I would prefer the library to do this automatically, but AFAIK there is not a good way to determine the rendering size of a label beforehand. I'll look into again.

jamesafoster commented 8 years ago

Thanks, Marc. Don’t spend too much time on my account. I’ll follow up these hints.

j

On Dec 19, 2015, at 10:57 AM, Marc Harper notifications@github.com wrote:

I don't recall anything like that, but some of the ternary methods do take an offset parameter that should move the labels outward a bit. Resizing the image window after pyplot.show does have a similar effect in many cases. You can also reduce the font size.

I would prefer the library to do this automatically, but AFAIK there is not a good way to determine the rendering size of a label beforehand. I'll look into again.

— Reply to this email directly or view it on GitHub https://github.com/marcharper/python-ternary/issues/36#issuecomment-166014080.

marcharper commented 8 years ago

Let us know if you find anything useful. This is something the library could probably handle better.

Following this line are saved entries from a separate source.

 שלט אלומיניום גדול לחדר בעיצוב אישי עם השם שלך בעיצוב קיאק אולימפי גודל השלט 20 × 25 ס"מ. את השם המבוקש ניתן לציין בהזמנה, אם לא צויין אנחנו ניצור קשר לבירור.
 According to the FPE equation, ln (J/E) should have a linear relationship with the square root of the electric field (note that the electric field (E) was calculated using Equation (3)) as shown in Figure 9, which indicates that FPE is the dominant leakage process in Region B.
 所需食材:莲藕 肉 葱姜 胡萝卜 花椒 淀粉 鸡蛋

michaelbuehlmann commented 5 years ago

I ran into a similar issue that labels are not drawn under certain circumstances. It seems to be related to the fact that rasterized outputs are treated differently by matplotlib than vector images.

The following code produces the expected output if rendered to .png, but the labels are missing from the diagrams if it's exported to .pdf, unless _redraw_labels() is called manually before saving.

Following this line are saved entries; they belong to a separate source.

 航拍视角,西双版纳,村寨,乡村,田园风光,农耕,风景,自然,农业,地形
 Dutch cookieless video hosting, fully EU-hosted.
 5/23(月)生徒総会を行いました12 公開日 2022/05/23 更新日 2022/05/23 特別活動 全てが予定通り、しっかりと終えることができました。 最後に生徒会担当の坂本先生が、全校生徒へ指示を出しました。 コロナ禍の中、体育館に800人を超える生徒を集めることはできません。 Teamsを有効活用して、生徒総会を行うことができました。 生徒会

I assume that when exporting to .pdf, .svg and *.eps, there is no draw_event emitted by matplotlib. Is there a better way to do this?

fig, axes = plt.subplots(1,2,figsize=(5, 2))
fig, tax1 = ternary.figure(scale=4, ax=axes[0])
fig, tax2 = ternary.figure(scale=4, ax=axes[1])

for tax in [tax1, tax2]:
    tax.boundary()
    tax.bottom_axis_label("a")
    tax.right_axis_label("b")
    tax.left_axis_label("c")
for ax in axes:
    ax.axis("off")
tax2._redraw_labels()
fig.savefig("./testtriangles.pdf", bbox_inches='tight')  # Only labels of tax2 are drawn
fig.savefig("./testtriangles.png", bbox_inches='tight')  # All labels are drawn
marcharper commented 5 years ago

For now my recommendation is to use _redraw_labels(). Unfortunately we're not also wrapping fig because the solution in that case would be to override savefig to always redraw first. And that won't work for tax because it could be part of a larger plot or there could be multiple figures.